For an HPC consulting company like HPCNow! the Slurm simulator allows us to validate the clients’ configuration of the workload manager before they even have the hardware ready. The first step in achieving the highest level of efficiency in the cluster starts with the workload manager. Based on previous usage metrics, the ability to use cloud resources as a cloud-bursting strategy, and thanks to the input of discovery workshops with the end-users, we evaluate multiple options. Finally, we provide a suggested configuration and a demonstration of the expected behavior under different scenarios after implementing mechanisms to mitigate cluster congestion, starvation, domination, hogging, etc.

The use of the Slurm Simulator inside our team goes beyond this initial motivation. The following list provides a quick overview of the main use cases inside our company.

  1. Development and testing environment for custom Slurm plugins. We develop a set of plugins, including Job Submit plugins, Burst Buffers plugins, job efficiency plugins, and more. The Slurm simulator allows us to build the environment required for developing, testing, and implementing CI/CD pipelines.
  2. Test new functionalities. We automated the process of building a Slurm simulator using the Bitbucket pipelines and local resources. Thanks to CI/CD, we can test new functionalities available in new stable releases or even in release candidates. This approach lets us test and evaluate new features before we install them in a production environment. 
  3. Validate current configuration in a newer Slurm version. The simulator also allows us to validate our very mature configuration and adjust it, if required, in order to use a new feature or to deprecate some old parameters.
  4. Perfect environment for Slurm Administration training courses. Each student has access to a dedicated Docker container instance where he/she can follow the hands-on oriented training course. This setup is perfect because you can simulate an environment exactly like the one you have or an even bigger system than the one on the top1 of the top500.
  5. Perfect environment for running technical tests as part of hiring processes. We use a Slurm simulator along with a parallel development environment for testing the skills of potential candidates. This tool has been vital for assessing the knowledge of computational scientists, HPC DevOps or HPC system administrators applying for a job at HPCNow!
  6. Development and testing environments for third-party software packages. We use the Slurm simulator as a development and testing environment for implementing tools like Nextflow, JupyterHub, RStudio, our job efficiency monitoring tools or our cloud bursting tools without the need for real cluster resources.

Features and expectations

Before you start using our simulator, you should know that there are other implementations of the Slurm simulator. The one originally developed at BSC, required a lot of effort in patching the code. Unfortunately, the person who was originally behind that project (Alejandro Lucero) is no longer involved in HPC, and it became outdated years ago. Stephen Trofinoff and Massimo Benini, from CSCS, invested a lot of effort in updating the code simulator, which was introduced in SLUG’15. Finally, Marco D’Amico, Ana Jokanovic and Julita Corbalan, from BSC, updated the original simulator code and provided an overview of the improvements in SLUG’18. The main goal of this type of implementation is to simulate a large number of workload executions in a short time.

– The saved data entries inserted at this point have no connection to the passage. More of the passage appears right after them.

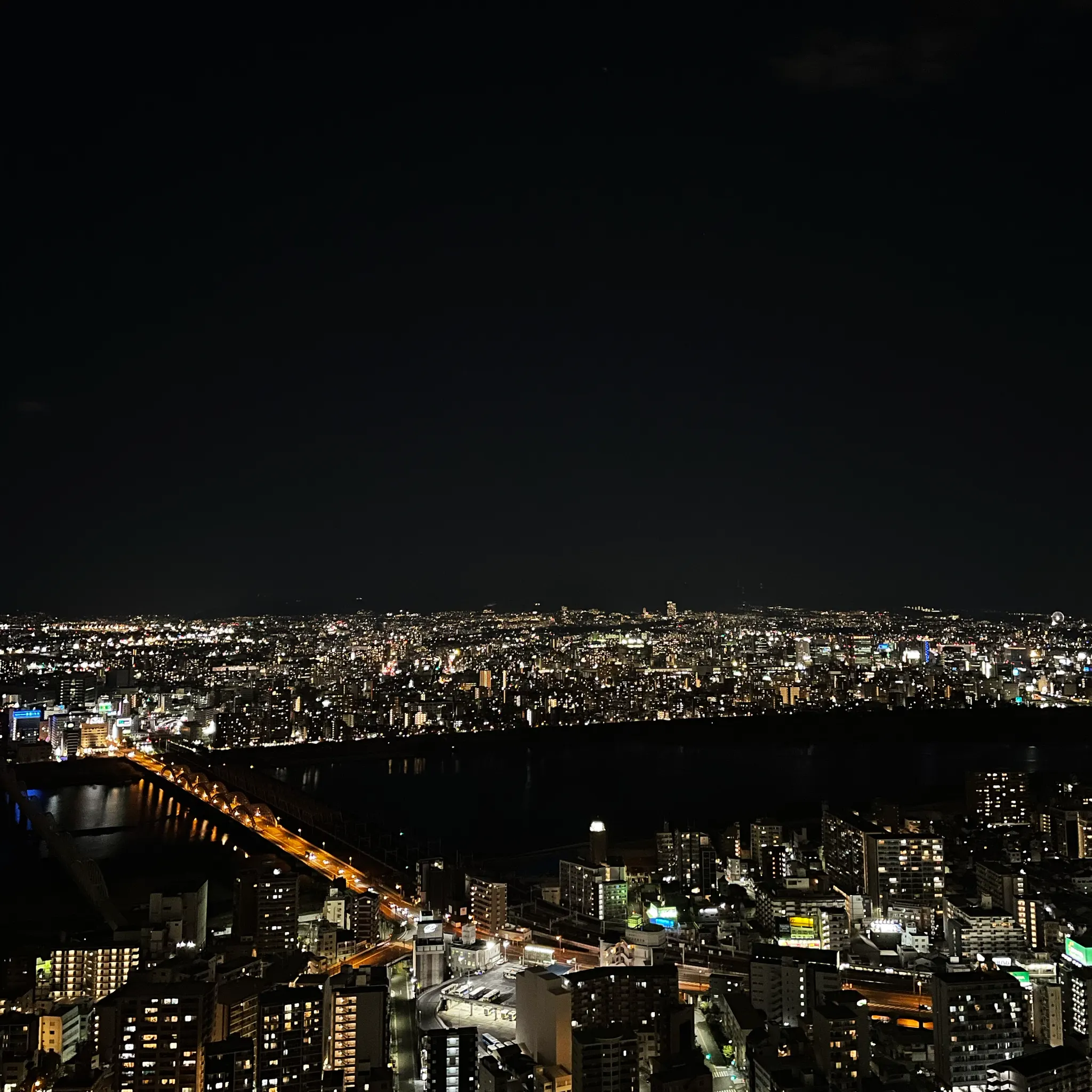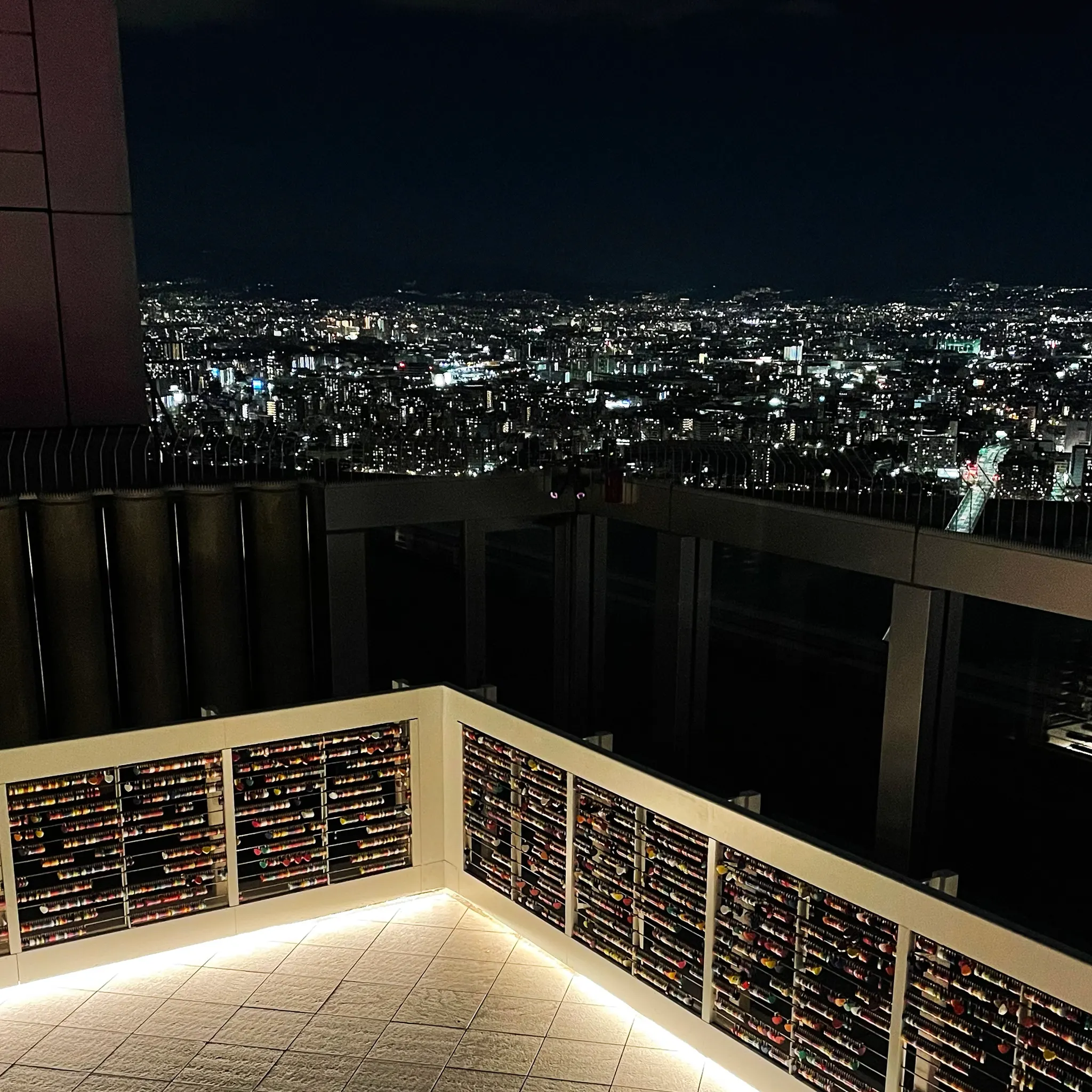 이렇게 오사카 야경이 한 눈에 내려다보인다. 사방이 뻥 뚫려있어 밤 바람이 쌀쌀하긴 했지만, 눈 앞에 펼쳐진 너무 예쁜 야경에 한참을 구경한 우리. 정말 너무 예뻤다. 오사카에서 꼭 한 번 가볼만한 곳!
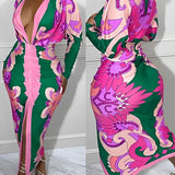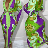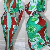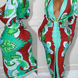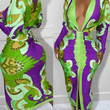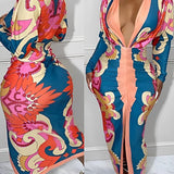 Printed Plunge Ruched Dress
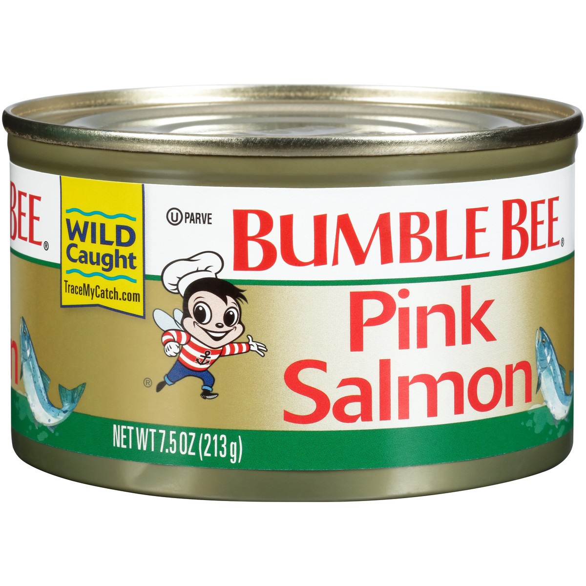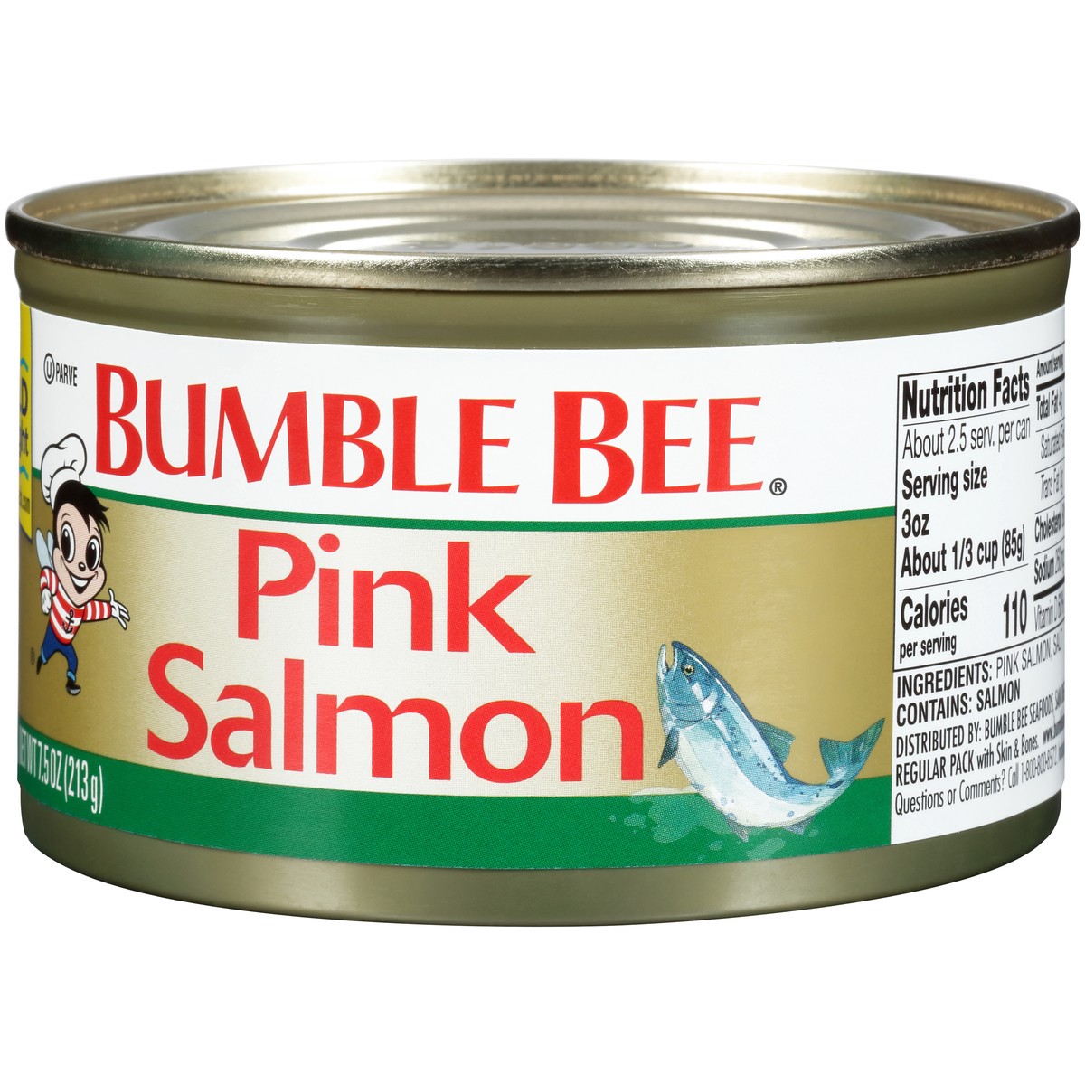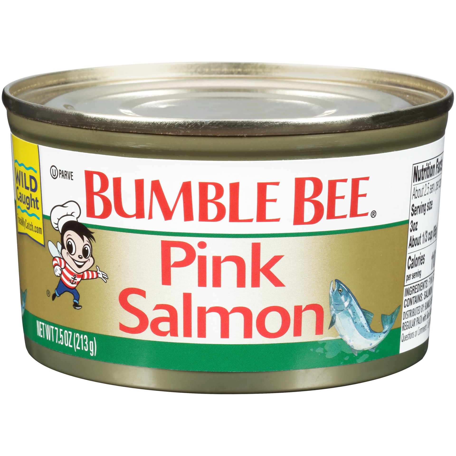 Gluten free. Regular pack with skin & bones. www.bumblebee.com. Questions or Comments? Call 1-800-800-8572. Include code on end of can. Wild caught. TraceMyCatch.com. 100% recyclable packaging.

The version that we maintain is not meant to simulate workload execution but to provide a complete Slurm environment to test close-to-production configuration, test plugins, and new features as you would in a real environment. This simulator represents one of our multiple contributions to the open-source HPC community. 

These are the key features of our Slurm simulator:

  • Supports job preemption based on memory suspension and requeue mechanisms.
  • Supports multiple users, so you can simulate competition between different users and accounts, etc.
  • Supports all kinds of reservations.
  • Since it is a complete Slurm system, it can run real jobs. Obviously, we recommend using sleep commands or very light commands to simulate real jobs.
  • It supports accounting.
  • It supports common plugins, including job_submit plugins.
  • It supports prologs and epilogs.

How to use it

Some time ago, I used to maintain a VM with SuSE Studio. After that service was shut down, I migrated it to a Docker container. That opened up a whole new level of possibilities and happiness.

I hope that at this stage, you are excited to get started with this Docker container. The following instructions will help you to create a Slurm simulator and modify it in a way that can represent your cluster or the size of the cluster that you want.

At the time this article was published, Slurm had some unresolved bugs with the use of frontend mode as described on the SchedMD website affecting versions 21.08.8-2 and 22.05.5. For that reason, this article focuses on the latest version with a working front-end mode (20.11.9).

1. Pull the image

docker pull hpcnow/slurm_simulator:20.11.9

2. Run the Docker container with the following options:

docker run --rm --detach \
           --name "${USER}_simulator" \
           -h "slurm-simulator" \
           --security-opt seccomp:unconfined \
           --privileged -e container=docker \
           -v /run -v /sys/fs/cgroup:/sys/fs/cgroup \
           --cgroupns=host \
           hpcnow/slurm_simulator:20.11.9 /usr/sbin/init

3. Access the container with an interactive session

docker exec -ti ${USER}_simulator /bin/bash

4. Incorporate changes into the Slurm configuration

If you want to keep and re-use the Slurm configuration of your simulator, I suggest copying the content of /etc/slurm outside the container by using the following command:

docker cp ${USER}_simulator:/etc/slurm .

Then you can apply the changes in the files located in the Slurm folder recently transferred from the container and run the docker container again, exposing that folder in the right place, by using the option “-v ./slurm:/etc/slurm”.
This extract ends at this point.